Perhaps attempting to ease the shareholders into bad news, Dimon stated that JPMorgan’s earnings “will be down meaningfully in 2020” due to the pandemic. He also warned that in an “extremely adverse” downturn in the U.S. economy, the bank would probably consider suspending its dividend in an effort to preserve capital.

Interestingly, Dimon says regulations placed after the 2008 financial crisis could hinder the bank’s ability to help in future crises.

“As we get closer to the extremely adverse scenario, current regulatory constraints will limit additional actions we can take to help clients,” Dimon said, “in spite of the extraordinary amount of capital and liquidity we could deploy.”

Others at Dimon’s bank are sounding the alarm bells as well.

Mislav Matejka, head of global equity strategy at JPMorgan, warned investors yesterday of a very high likelihood that we experience “a vicious spiral, which is typical of a recession, between weak final demand, weaker labor markets, falling profits, weak credits markets and low oil prices.”

JPMorgan economists are expecting “only a gradual bottoming out in activity” because of this. They predict it to be like the ones that took place after the Great Financial Crisis. These economists also believe that it’s “not a V-shaped one that we see, for example, after natural disasters.”

Recession and Prolonged Recovery

The bank also expects the unemployment rate will climb to 8.5% during the second half of the year.
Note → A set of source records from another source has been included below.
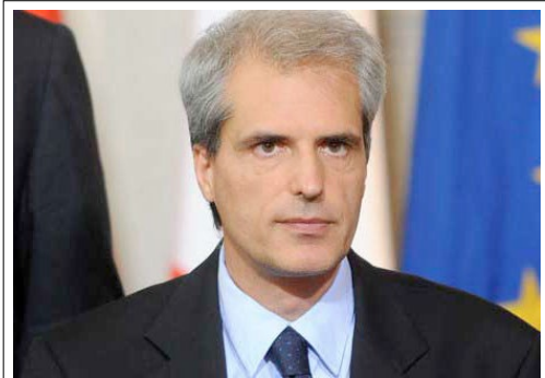
Sergio Balbinot, presidente Insurance Europe
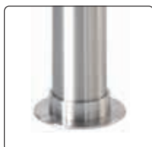
▲ Sockelring aus Edelstahl (siehe Zubehör)
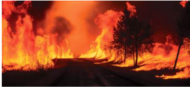
Só em Portugal e Espanha, 22 grandes incêndios queimaram 460.585 hectares em Agosto, quase metade da área total ardida na UE em 2025

No Verão, a situação agravou-se de forma dramática, sobretudo na bacia mediterrânica. Agosto trouxe uma vaga de calor prolongada que transformou vastas áreas de Portugal e de Espanha em território altamente vulnerável. Só nesses dois países, 22 grandes incêndios queimaram 460.585 hectares, quase metade de toda a área ardida na União Europeia durante o ano. O
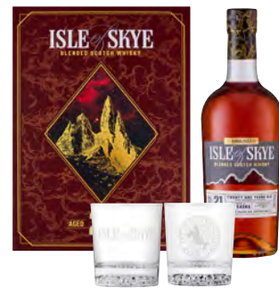
26-01-5401 天空之島 21 年蘇格蘭威士忌新年禮盒 售價 2,380 元

· 容量：700ml×1 · 威士忌×2 · 外盒尺寸：22.5×10×31cm · 酒精濃度：40% · 產地：英國 天空之島 21 年融合雪莉與橡木桶陳釀，帶出濃郁果乾、蜂蜜、太妃糖與淡雅煙燻風味，口感醇厚平衡，展現歲月優雅層次。
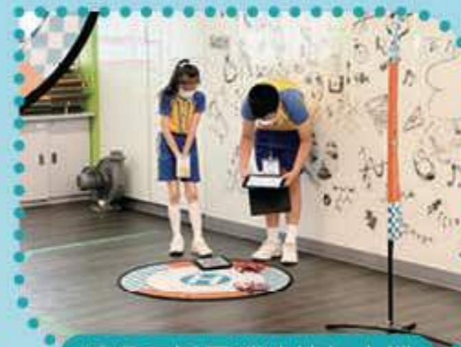
透過平板電腦連接無人機
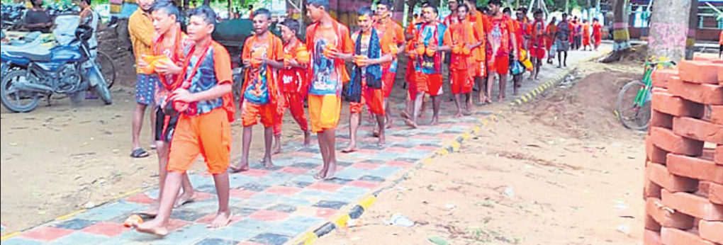
ଦେଈାନାଳ ଜିଲ୍ଲା ଭୁବନ ବୃଦ୍ଧଙ୍କର ଶ୍ରେୟାଠକ୍ କଳାକାରି ପାଇଁ ସୋମବାର କାଉଡ଼ିଆମାନେ ବ୍ରାହ୍ମଣୀ ନଦୀରୁ ପାଣି ନେଇ ଆସୁଛନ୍ତି।
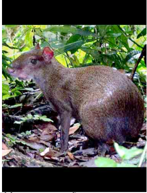
11 Ñeque C. Am. Agouti Dasyprocta punctata
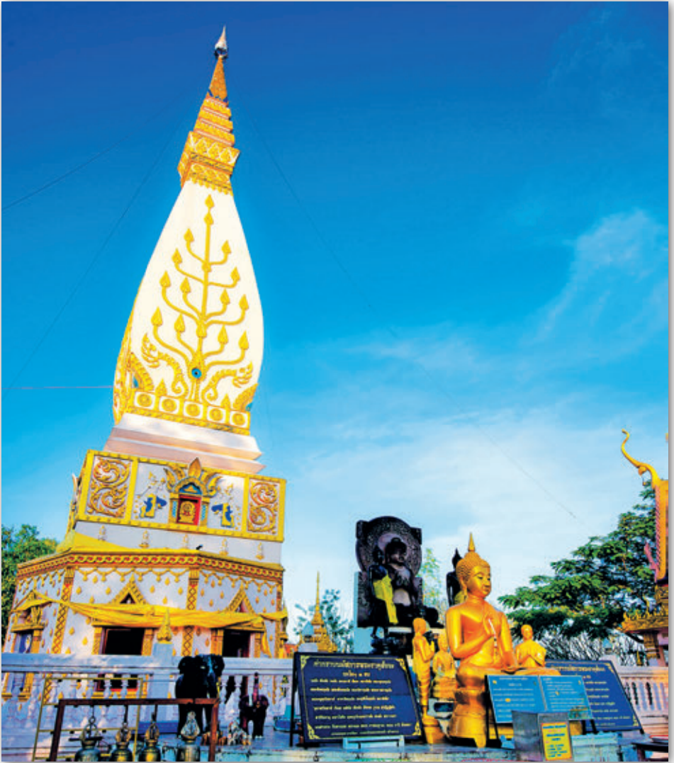
พระธาตุสี่จั่ว

โคลนลงมาในอดีต และให้เป็นปูชนียสถานอันเป็นที่ เคารพสักการะบูชาต่อไป
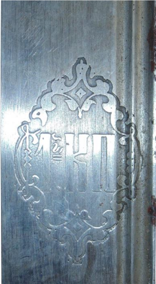
Илл. 8. Шашечный клинок, Златоуст, 1893 год. Частная коллекция. Картуш с полковой аббревиатурой.

клинков составила 2 руб. 80 коп. за штуку без стоимости пересылки 40 . Обратим внимание, что форма картуша на клинках, изготовленных в 1893 году для 1-го Кубанского конного полка, имеет отличие от формы стандартных картушей с аббревиатурой войска на этот год, при этом их геометрия и структура долов схожи с войсковыми клинками (Илл. № 8 и 9).
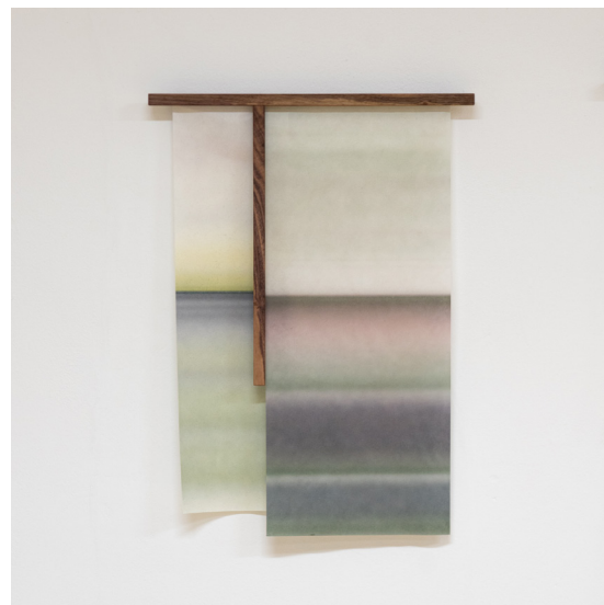
Allv - 42 x 57 cm

It also predicts that the U.S. GDP will decline by 10%. For comparison, the economy saw a 4% decline during the financial crisis.

“And this is all assuming that the virus is history by June, which might prove significantly optimistic,” Matejka wrote.

“While consensus view still appears to be a quick recovery, recessions tend to linger,” he added. “It took equities on average 18 months to record the final low in the past.”

Echoing JPMorgan’s worries about the potential for a prolonged recovery is former Federal Reserve Chair Janet Yellen.

In a recent CNBC interview, Yellen says the current state of the economy is worse than what the data shows.

She says we are already in an “absolutely shocking” downturn that is not reflected yet in the current data. Additionally, she mentioned that the unemployment rate probably sits closer to 13%.

She also says the economy has contracted “at least 30% and I’ve seen far higher numbers.”

Yellen says she is optimistic the country will experience a “V”-shaped recovery. She, however, acknowledges that the length of time a country remains shut down will dictate the speed of recovery.

“I think a ‘V’ is possible, but I am worried that the outcome will be worse,” she said. “It really depends to my mind on just how much damage is down during the time that the economy is shut down in the way it is now,” Yellen added.